Abstract

The Institute for Healthcare Improvement’s Triple Aim calls for measures of the ‘patient care experience’ to understand and improve the quality of care delivery. But, quality measures in the nursing home (NH) historically lack the resident perspective. Measuring whether residents are satisfied with the fulfillment of their care preferences using the Care Preference Assessment of Satisfaction Tool (ComPASS) has been encouraged nationally by the Centers for Medicare and Medicaid (CMS); however, the ComPASS has not been validated as a measure of the resident care experience.
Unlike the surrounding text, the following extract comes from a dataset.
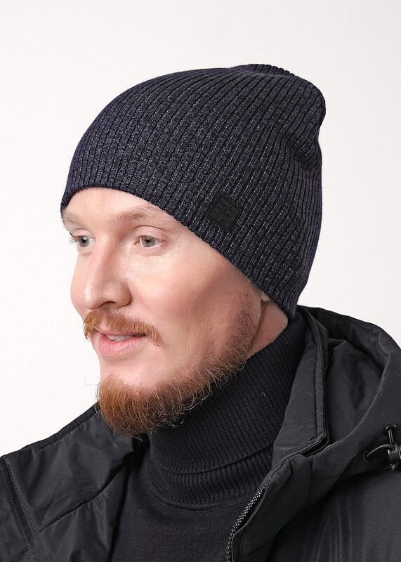 Мужская шапка двойная без отворота, без подклада, декорирована стильной нашивкой. Идеальный вариант на осень, весну.

The purpose of this study was to compare ComPASS to the Ohio NH Resident Satisfaction Survey (a widely accepted quality measure for reimbursement). We examined 196 resident responses from 28 NHs in Pennsylvania using multilevel modeling to account for dependencies in the data (residents in the same NH may respond similarly compared to residents from different NHs). Residents were 81.2 years old (SD= 11.1), female (70.4%), and white (80.1%). Residents with higher scores on the ComPASS reported significantly higher levels of satisfaction with care (B=2.94, SE B=0.59, p<0.000). Results from this study support the potential use of ComPASS to measure, track, and improve the quality of NH care. Using ComPASS aligns with CMS’s Section F of the Minimum Dataset, an assessment of residents’ preferences which promotes the delivery of more person-centered care. Ultimately, ComPASS can help benchmark the quality of the resident care experience across facilities which aids staff, facilities, policy-makers, and NH-shoppers in improving decision-making and care delivery.